Why the Sim experience hasn't been properly ported to a handheld before this seems ludicrous now that I've spent so many sporadic hours with The Tower SP. The game has a constant flow, never stagnating for more than a minute or two. Simultaneously, it can be put down at any moment, with no worries as to when it is picked up again. The state of a tower can be assessed in about two minutes of careful study. The goals are definite, as they should be in any good game, but the differing tactics to get there are endless.

Each addition to the tower is essential and must be calculated carefully, yet the attention to the game can be broken at any moment between the crucial few seconds of calculation between placements. If a fire alarm goes off, if your boss ambles towards you, if the terror alert is suddenly raised to "high," if the phone rings, if anything happens, you will be able to set down your GBA immediately and not miss a thing (you might possibly play through any of these situations, depending on how much you care about your well-being). You'll also be hit by an insatiable urge to get back to figuring out the best floor for your movie theater, and whether or not the medical center the jerks in the first floor offices have been moaning on about should be higher on your list.

You can put it down at any time, and every second away feels like torture. PSP developers take note: This is the formula for a portable game. To think this was originally a PC title! Admittedly, my excitement is a bit unfounded when Saito's design ethic is considered. His games are rarely sprawling works. They crawl against the tide of moderately-paced 20-hour "adventures," as well as the Kojima-style cinematic experience, representing something closer to the spirit of video games as a medium. They are almost fetish objects, single concepts that are enveloped in what were probably the first ideas to come to Saito's mind.
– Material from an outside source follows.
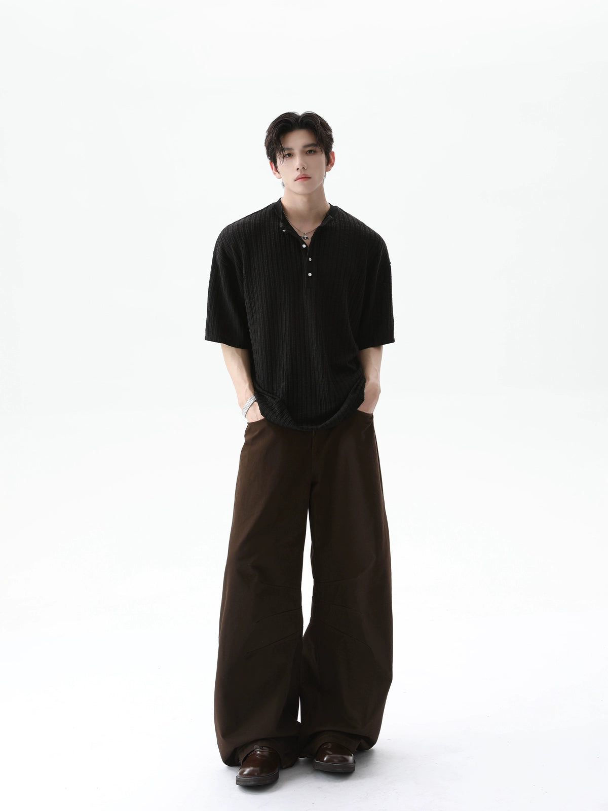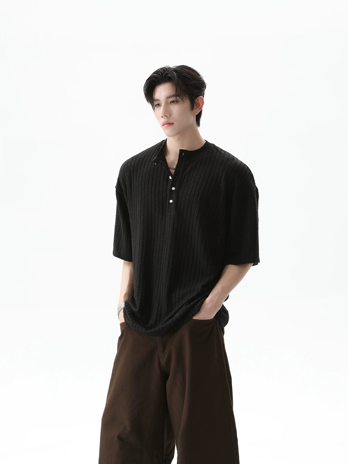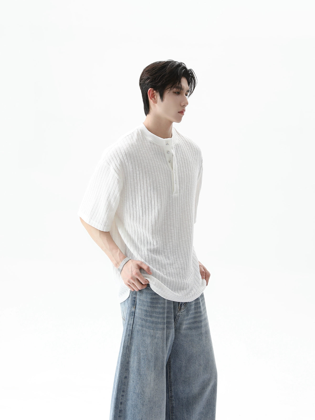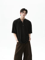 Kırışık Henley Yaka Kısa Kollu Kazak

Thousands of other ideas are put to use, all following the single directive of the first, finally becoming a "gamething," something playable and definitely modern, but seeming more at home among pre-1995 arcade games, despite the greater time investment required.
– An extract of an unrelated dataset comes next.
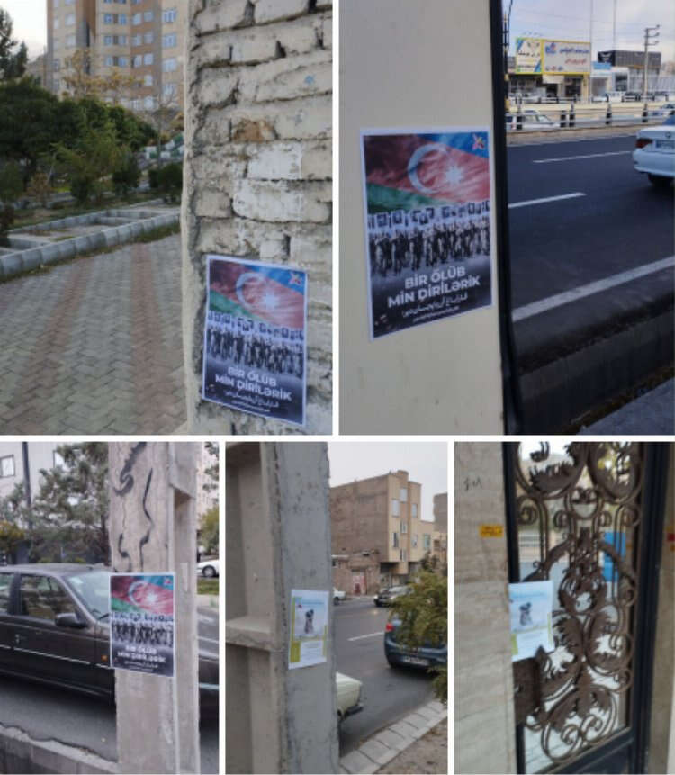 Güney Azerbaycan'da bir grup aktivist, 8 Kasım Karabağ Zafer Bayramı münasebetiyle Tebriz sokaklarına poster astı.

The Tower reveals the roots of this practice, connecting Saito's current inspiration – notably Shigeru Miyamoto, whose Cabbage concept led to Seaman – with an unexpected source, Will Wright and Maxis. A "gamething" on a portable system epitomizes the fetishistic allure of Saito's games, allowing them to be placed in a back pocket, assigned to a single object instead of a console, a controller, a set of speakers, or a television.

The Tower SP, as polished as it is, is not the best example of Saito's work; Seaman is, although The Tower stands as his most accessible. Seaman is too mired in creepiness and D2-like themes of death and isolation to attract a proper audience. No heartstrings are pulled, no moral questions are posed; The Tower is a game in the purest sense, even if there aren't any bosses to defeat or coins to collect. You could have been playing this game for 10 years (and, as the dated midi rumblings prove, this game shows its age), and if you haven't yet, I've got to maintain that your GBA is the best way to experience it.